• [PROBLEM REQUIREMENTS] Below are some records. Retype exactly the lines from the one containing "Ee Schoss vum" through the one containing "Say goodbye to", both included, skipping every picture.

• [Data excerpts]

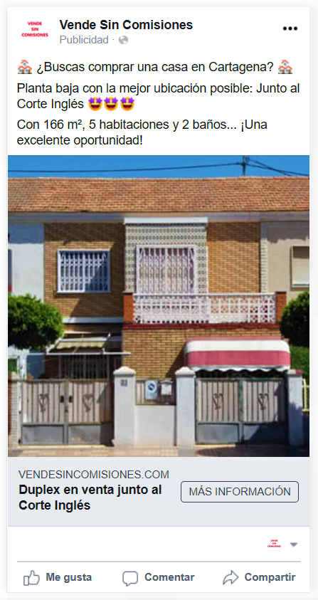 Ejemplo de anuncio en Facebook para vender tu vivienda
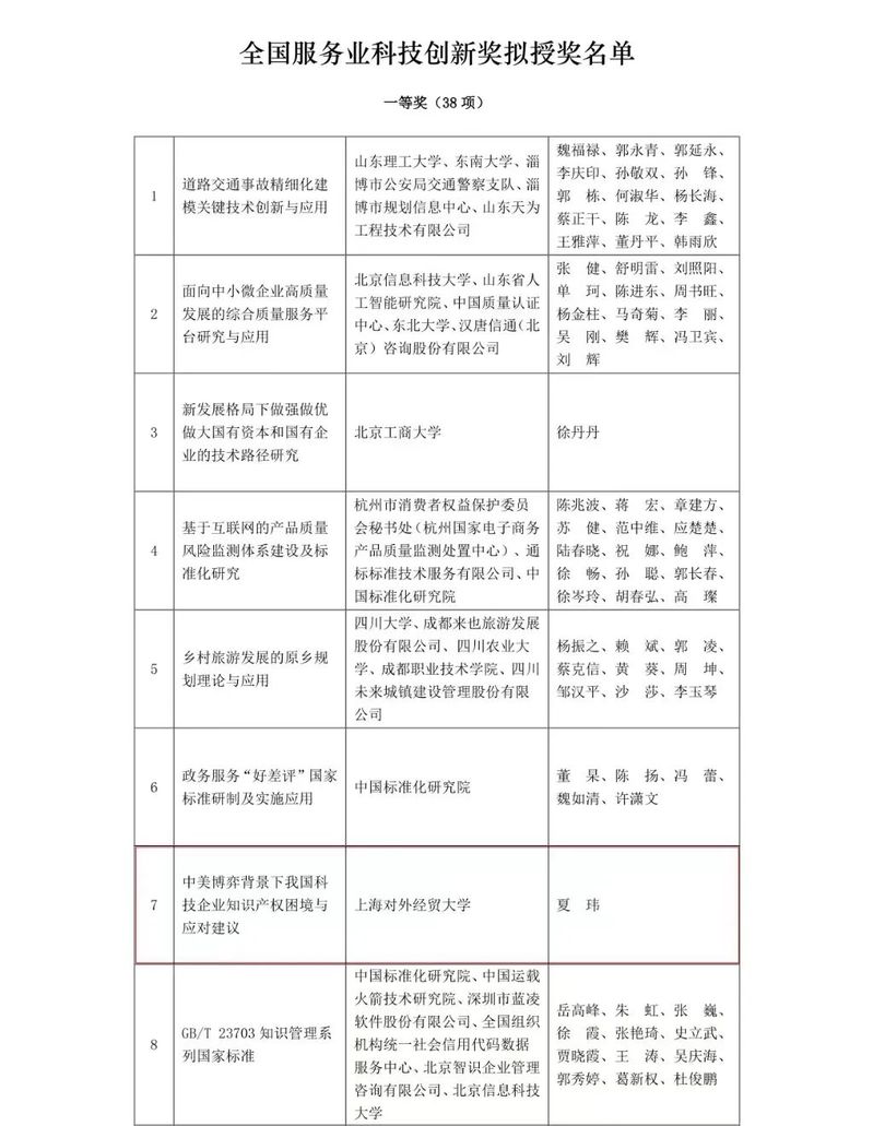 近日,“第十四届中国商业联合会服务业科技创新奖”结果揭晓。我校国际经贸创新与治理研究院副院长、学校办副主任(兼)夏玮副教授的《中美博弈背景下我国科技企业知识产权困境与应对建议》荣获一等奖。
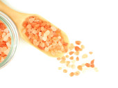 Czerwona fasola nerki w drewnianej łyżeczce nad białą miską izolowane na białym tle. Widok z góry z miejsca kopiowania
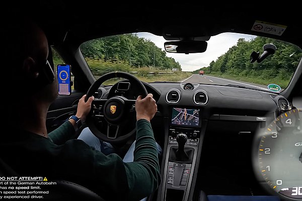 Τα ηχεία στο τέρμα: Η Porsche Cayman GT4 RS των 500 PS κατάφερε να αγγίξει τα 120 dB, κάνοντας τα 'μαγικά' της στην Autobahn.
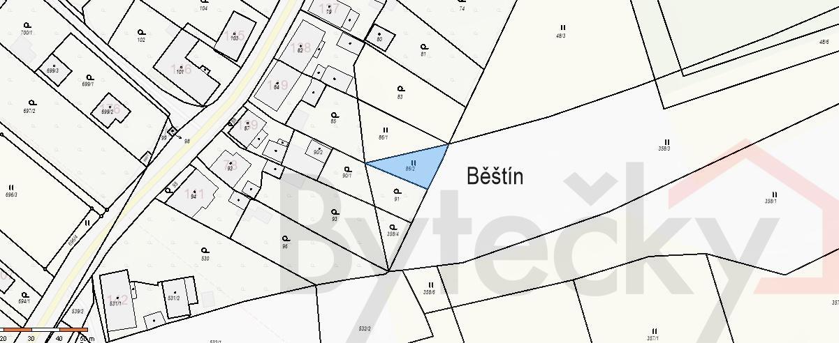 Prodej pozemku 8080 m2 v obci Běštín. Pozemek je situován v intravilánu obce a nachází se v blízkosti stavebního pásma. Část tohoto pozemku byla v roce 2011 určena k zástavbě, po další změně ÚP byla ale tato stavební část pozemku zrušena. Na části pozemku provozuje město fotbalové hřiště. Je možné koupit tento soubor pozemků jako celek event. lze od tohoto celku oddělit pozemek parc. č. 48/5, který tvoří část fotbalového hřiště - rekreační polocha 536 m2.
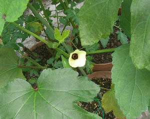 こちらは、沖縄で「ねり」と呼ばれる島オクラの花。こんなきれいな花が咲きます。花の左にちょこっと見えていますが島オクラは角がなくて丸い形をしているのが特徴です。
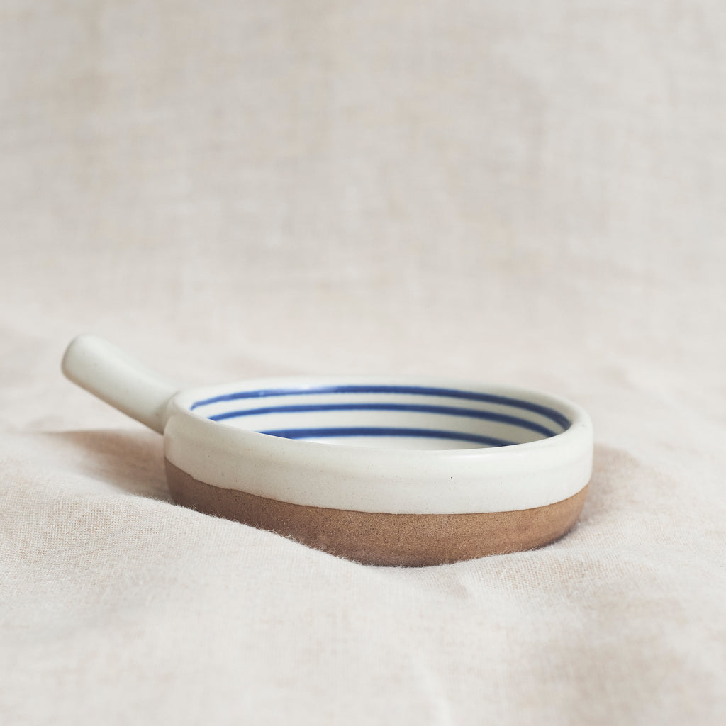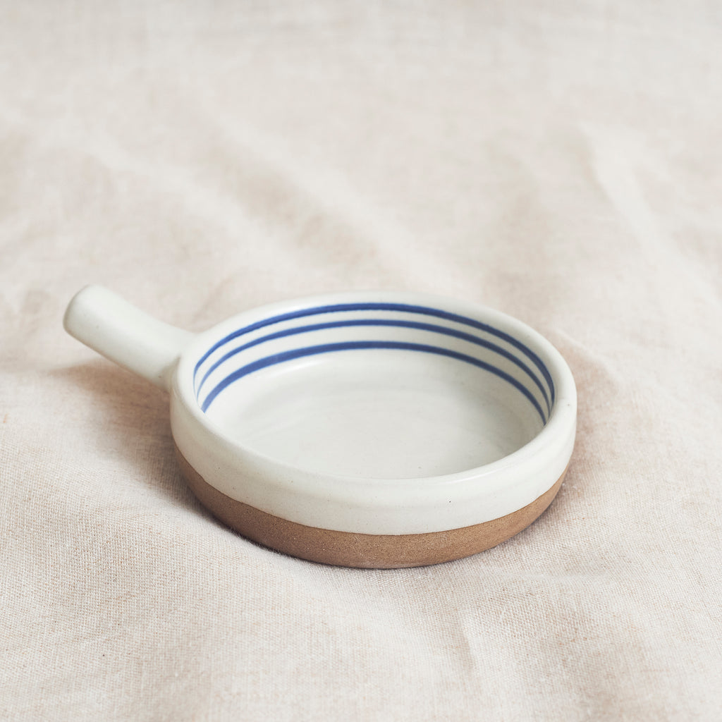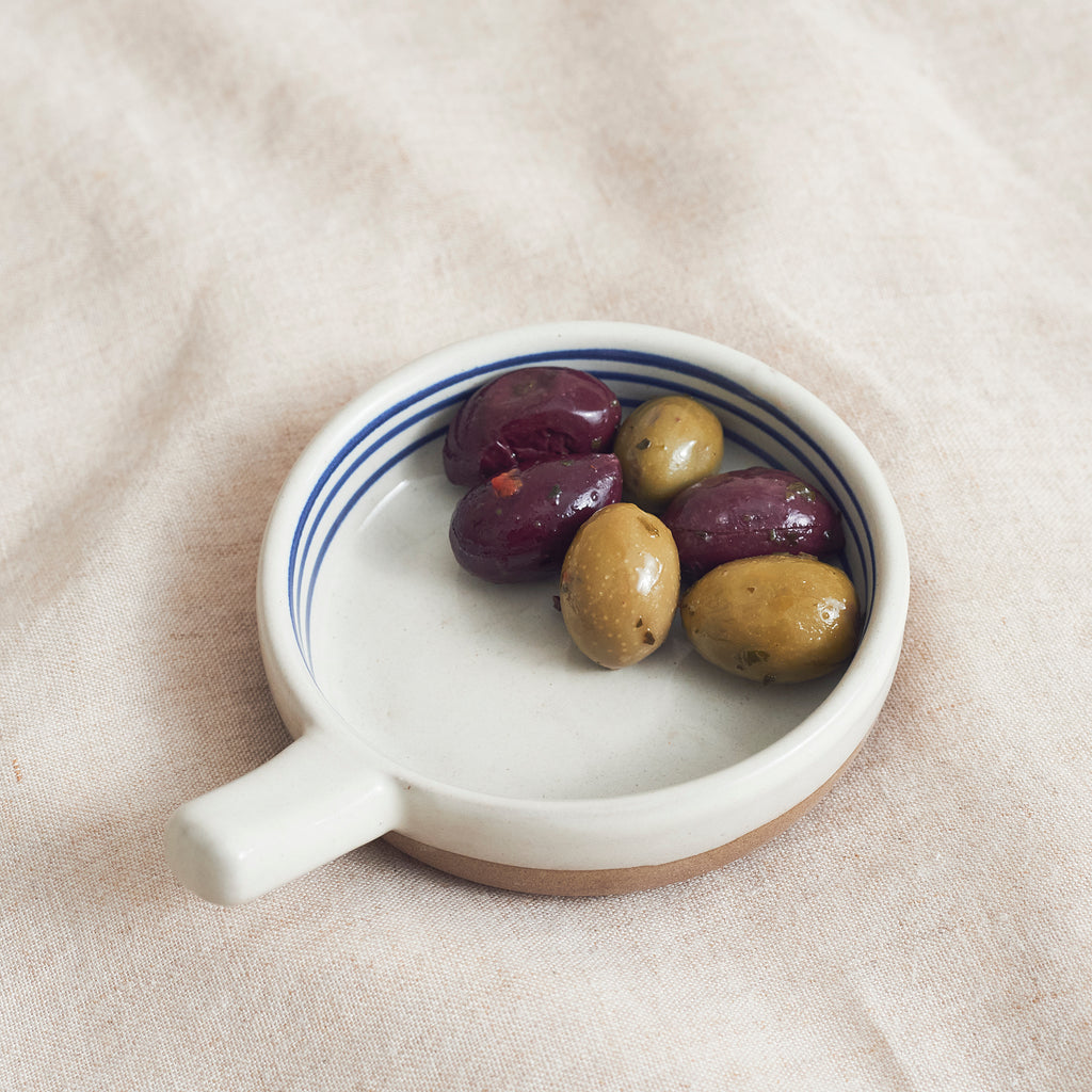 / Botanic Hand-painted Breton Stripe Olive Dish Bowl - Ink blue
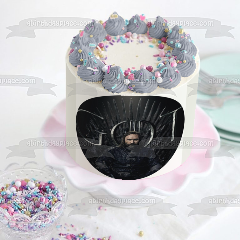 ¡Decora tu pastel con esta imagen de adorno comestible para pastel con temática de Juego de Tronos que muestra a Sandor Clegane sentado en el Trono de Hierro y un fondo negro!
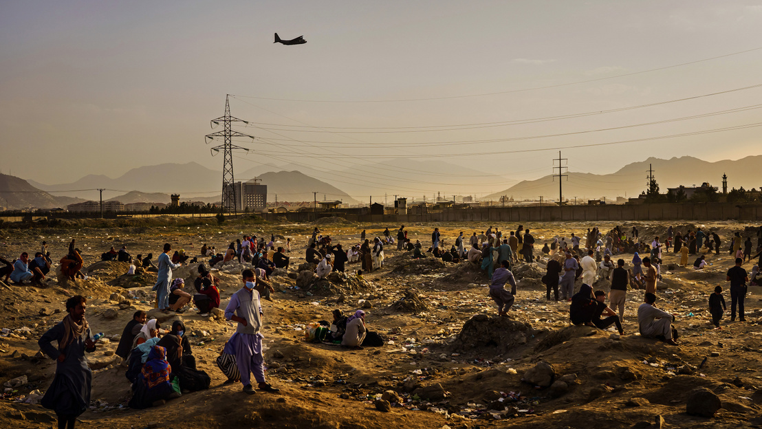 ![]() Katonai szállító repülőgép száll az égen, miközben az ország elhagyásában reménykedő afgánok a kabuli repülőtér előtt várakoznak 2021. augusztus 23-án (fotó: Marcus Yam / Getty Images) |
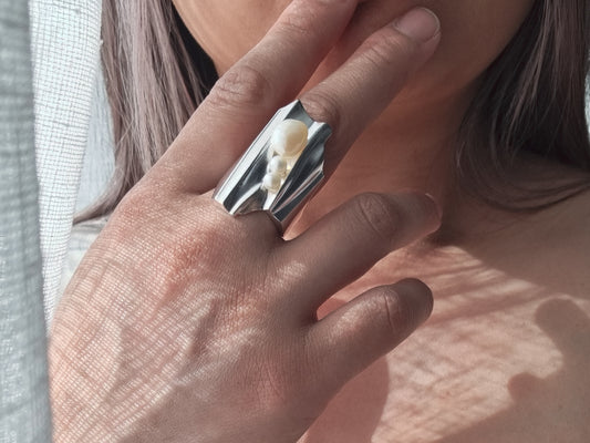 DRAPED Statement Ring with Pearls - Sterling Silver
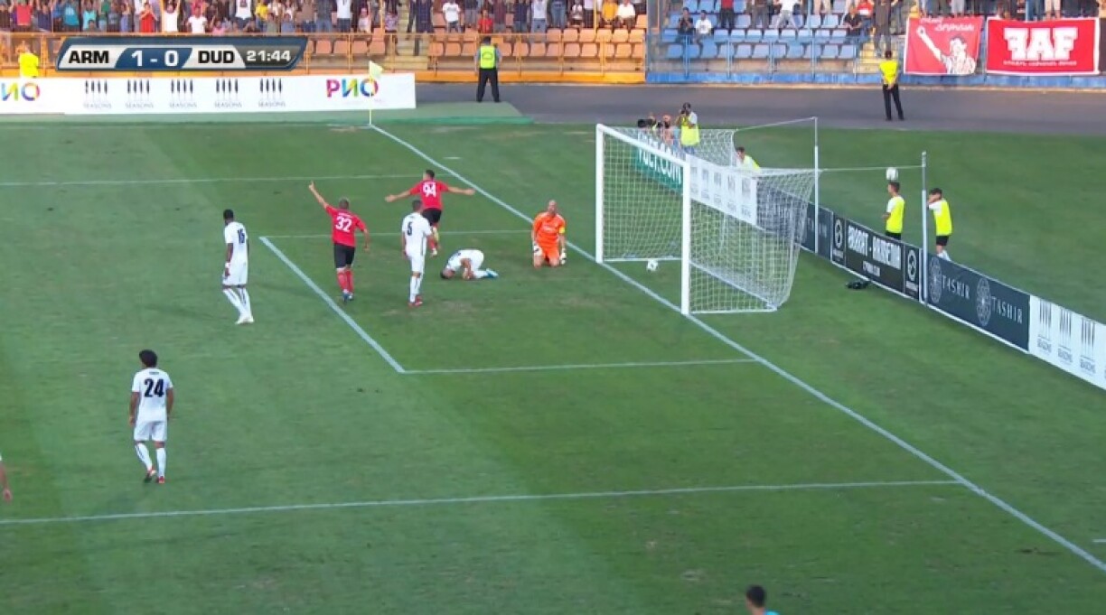Ee Schoss vum Delgado, dee kuerz no der Paus vun der Lat ofgeprallt gouf, huet ausgesinn, wéi wann en hannert der Gollinn opkomm wier. Den Arbitter huet awer weiderspille gelooss. No dem 0:1-Réckstand ass dem F91 duerch den Danel Sinani den 1:1-Ausgläich gegléckt, um Enn gouf et awer eng onglécklech 1:2-Defaite, well den Armenier an der leschter Minutt nach ee Gol gelongen ass.
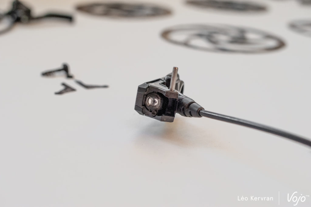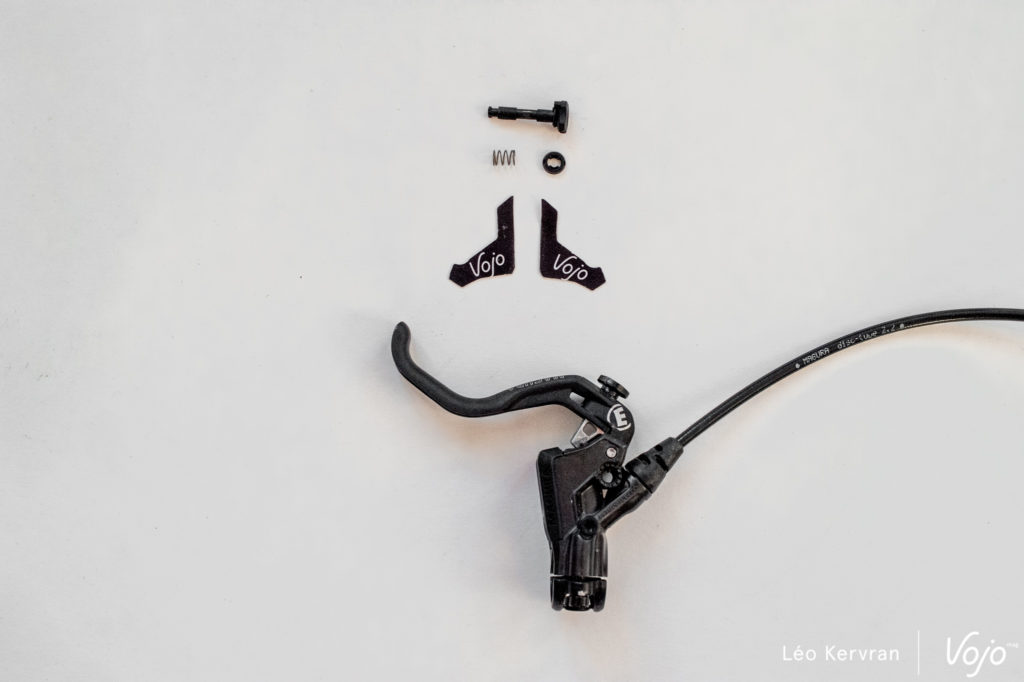 Cette option est disponible uniquement sur les freins avec un maître-cylindre en Carbotecture SL, c’est-à-dire les MT Trail SL, MT7 et MT8. Contrairement aux freins plus accessibles, où le maître-cylindre est d’un seul bloc, on retrouve ici deux petites feuilles de plastique (une de chaque côté) amovibles qui permettent de masquer l’axe du levier.
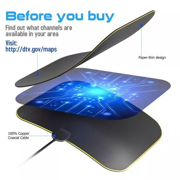 Say goodbye to expensive TV subscriptions and hello to unlimited, free HD entertainment with this indoor HDTV antenna. Designed with advanced signal-boosting technology, this antenna delivers crisp 4K and 1080p channels without monthly fees or hidden charges. Concerned about setup or performance? Rest assured, this antenna offers a seamless installation process and a powerful reception range, making it ideal for homes in urban and remote areas alike.
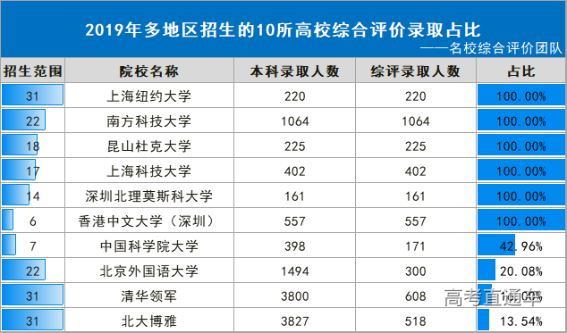 2、其他院校综合评价占比平均也在20%左右。如有:国科大2019年本科新生398人,有171人通过综合评价录取,占比42.96%,北外1494名本科新生中300人通过综合评价录取,占比20.08%,2校占比超过20%。清北综合评价录取占比16%、13.54%,但这个数据如果去掉港澳台和海外考生,基本也都在20%以上。

• [ANSWER BELOW]
Ee Schoss vum Delgado, dee kuerz no der Paus vun der Lat ofgeprallt gouf, huet ausgesinn, wéi wann en hannert der Gollinn opkomm wier. Den Arbitter huet awer weiderspille gelooss. No dem 0:1-Réckstand ass dem F91 duerch den Danel Sinani den 1:1-Ausgläich gegléckt, um Enn gouf et awer eng onglécklech 1:2-Defaite, well den Armenier an der leschter Minutt nach ee Gol gelongen ass.
 Cette option est disponible uniquement sur les freins avec un maître-cylindre en Carbotecture SL, c’est-à-dire les MT Trail SL, MT7 et MT8. Contrairement aux freins plus accessibles, où le maître-cylindre est d’un seul bloc, on retrouve ici deux petites feuilles de plastique (une de chaque côté) amovibles qui permettent de masquer l’axe du levier.
 Say goodbye to expensive TV subscriptions and hello to unlimited, free HD entertainment with this indoor HDTV antenna. Designed with advanced signal-boosting technology, this antenna delivers crisp 4K and 1080p channels without monthly fees or hidden charges. Concerned about setup or performance? Rest assured, this antenna offers a seamless installation process and a powerful reception range, making it ideal for homes in urban and remote areas alike.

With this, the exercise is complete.